8. The actual use of
confidentiality provisions may be understated since the survey confined its
examination to the texts of the sampled contracts. Certain governing tariffs
of carriers and conferences contain general confidentiality provisions which
apply to service contracts and which may not be cross-referenced in the contract.
Further, some industry participants have indicated that confidentiality
agreements may be reached prior to the negotiation of the service contract.
9. Drewry Shipping Consultants
Ltd., Global Container Markets, July 1996.
10. Only four were on file
with the Commission as of June 1, 2001.
11. Containerisation
International, November 2000, p.14; "Drewry predicts better times ahead,"
The Drewry Shipping Consultants, The Drewry Annual Container Market Review
and Forecast 2000.
12. Other shippers stated
that, while there may be some service problems during the initial process
of merging or coordinating different services and organizations, financially
stronger and, therefore, more stable carriers with improved services are
the long-run result.
13. The transatlantic is
distinct from other US liner trades regarding guidelines.
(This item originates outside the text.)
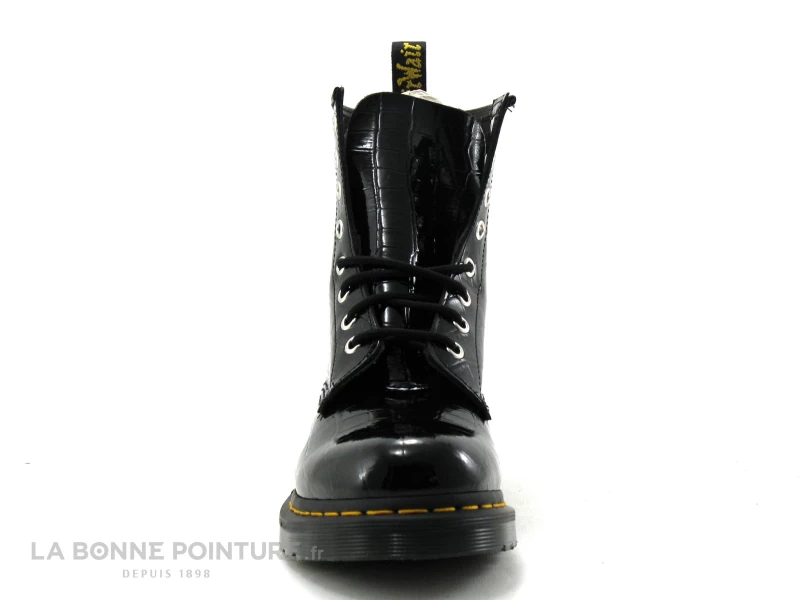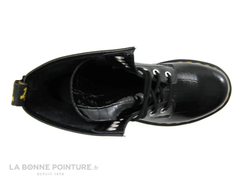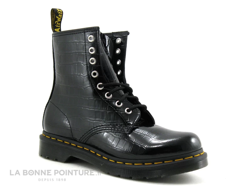 Cette superbe chaussure montante Doc Martens 1460 est en cuir de grande qualitĂ© noir verni, aspect croco pour suivre de près la tendance…
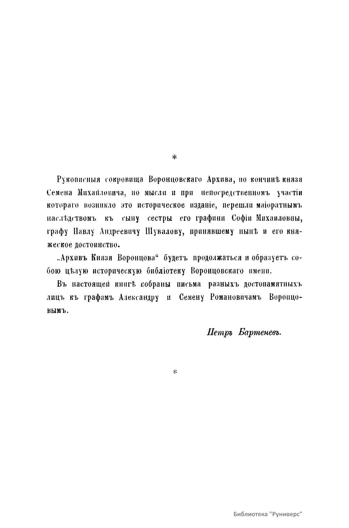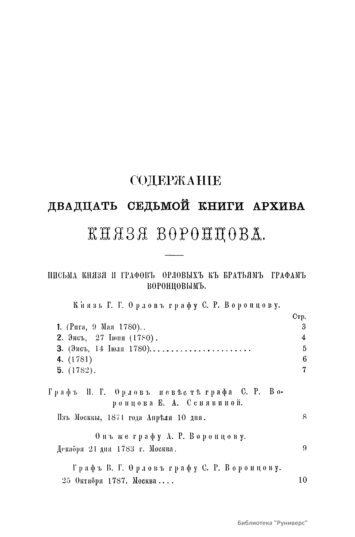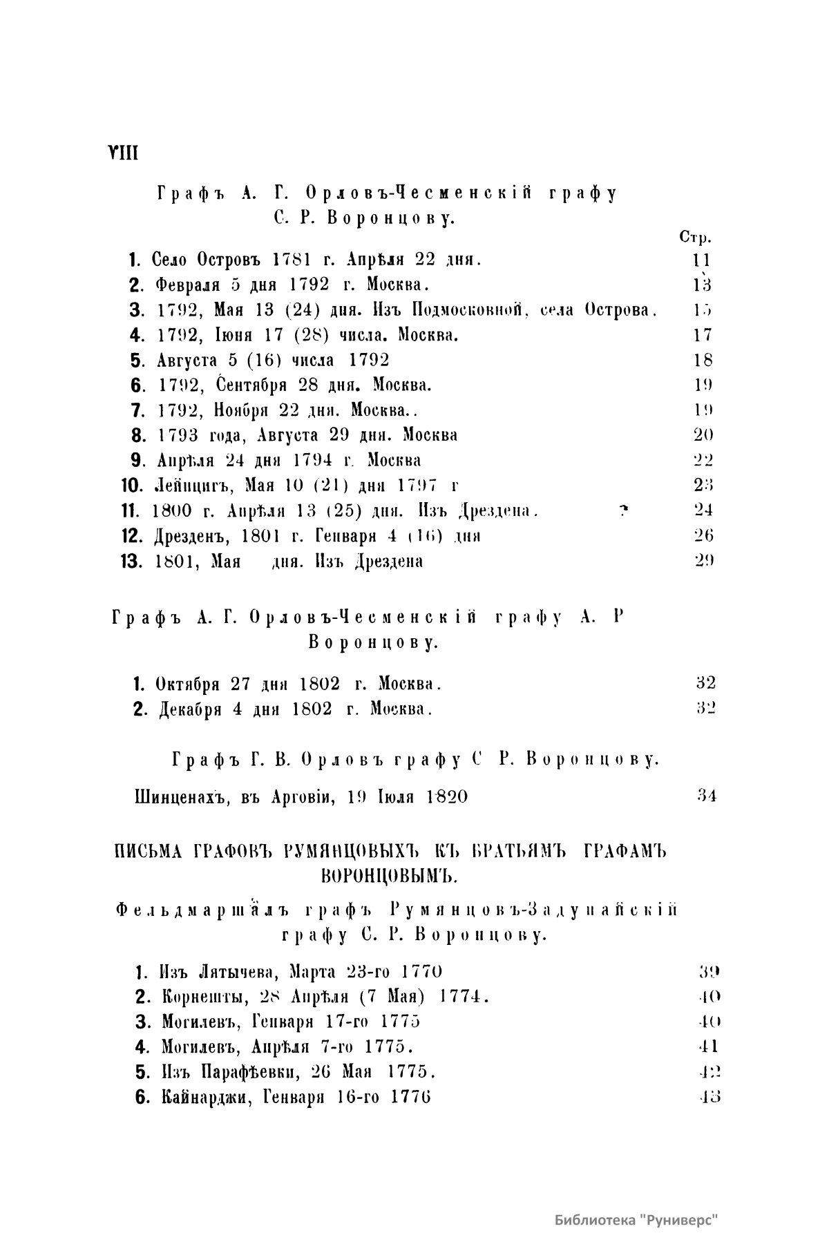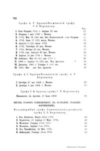 Издание представляет документы из архива графов (с 1845 г. князей) Воронцовых, крупных политических деятелей России XVIII и XIX вв.: Михаила Илларионовича (1714 – 1767) – канцлера при Елизавете Петровне; Романа Илларионовича (1707 – 1783); Александра Романовича (1741 – 1805) – канцлера в 1802 – 1804 гг.; Семена Романовича (1744 – 1832) – посла в Англии в 1785 – 1806 гг.; Михаила Семеновича (1782 – 1856) – фельдмаршала, наместника Кавказа в 1845 – 1853 гг. Архив издан в 40 тт. (1870 – 1895) под редакцией П. И. Бартенева. Содержит огромный материал по внешней политике, по управлению хозяйством Елизаветы Петровны (кн. 1), по делу Миниха и Бирона (кн. 2), о «чумном бунте» 1771 г. в Москве, о движении Е. И. Пугачева (кн. 16), о А. Н. Радищеве (кн. 5, 12, 24). Книга 21-я занята «Записками» Е. Р. Воронцовой (Дашковой). В книге 24-й – свыше 100 писем А. В. Суворова. Среди обширной переписки Воронцовых встречаются письма Вольтера, Д'Аламбера, Жозефа де Местра, Костюшки, Талейрана, Питта и др.

As previously
mentioned, the EC prohibits carrier agreements that include European Union
nations from setting voluntary service contract guidelines. Moreover, the
EC significantly restricts any discussion or collection of information on
service contracts negotiated outside of an agreement secretariat. Such
agreements, however, are permitted to establish a service contract rate matrix
that must be made publicly available. By the terms of their agreement, conference
members may refer to and adopt such rates in their individual contract
negotiations, if they so choose. Nonetheless, the transatlantic was included
in the audit because of its commercial significance.
14. To improve the process
of identifying controlled carriers operating in the US trades, the Commission's
rules implementing OSRA provided that an ocean common carrier that is owned
or controlled by a government, in any manner, must furnish the Commission
with immediate written notification as to its status as a controlled
carrier.
15. There are currently
13 carriers on the Commission's list of controlled carriers. Two of the most
recent additions include CSCL and China National Foreign Trade (Group)
Corporation ("SINOTRANS").
16. COSCO's volume in the
trade between the US and the rest of the world increased from 4.9 percent
(847,688 TEUs) in 1999 to 5 percent (962,995 TEUs) in 2000. During the same
period, while the volume of cargo carried by COSCO in the bilateral trade
between the US and the PRC increased, its market share decreased from 13.9
to 12.1 percent. Source: Journal of Commerce ("JOC") PIERS.
17. Source: JOC PIERS.
18. Petition of China
Ocean Shipping (Group) Company for a Partial Exemption from the Controlled
Carrier Act, Petition No. P3-99, March 31, 1999.
19. In October 2000, SINOTRANS
filed a petition (Petition of China National Foreign Trade Transportation
(Group) Corp. (SINOTRANS) for Exemption from Section 9(c) of the Shipping
Act of 1984, Petition No. P2-00) with the Commission requesting the
same relief granted to COSCO in an earlier proceeding. This was an exemption
from the requirements of section 9(c) to allow it to lower tariff rates to
exceed or meet competitors' rates, but not to undercut them. Both P3-99 and
P2-00 are pending before the Commission.
20. According to the NY/NJ
Forwarder Group, several discussion agreements in South America established
NVOCC benchmark rates in voluntary guidelines that were adhered to for most
of the shipping season. It reported that NVOCCs in the transpacific trades
were subject to TSA-agreed to voluntary price and service conditions and
that TSA indirectly implemented surcharges applicable to the whole shipping
community active in the transpacific inbound trades. With regard to the
transatlantic, it stated that an equipment repositioning surcharge that was
imposed by TACA and non-conference lines on or about the same day in October
1999, has been rolled into the base ocean freight rates offered to shippers.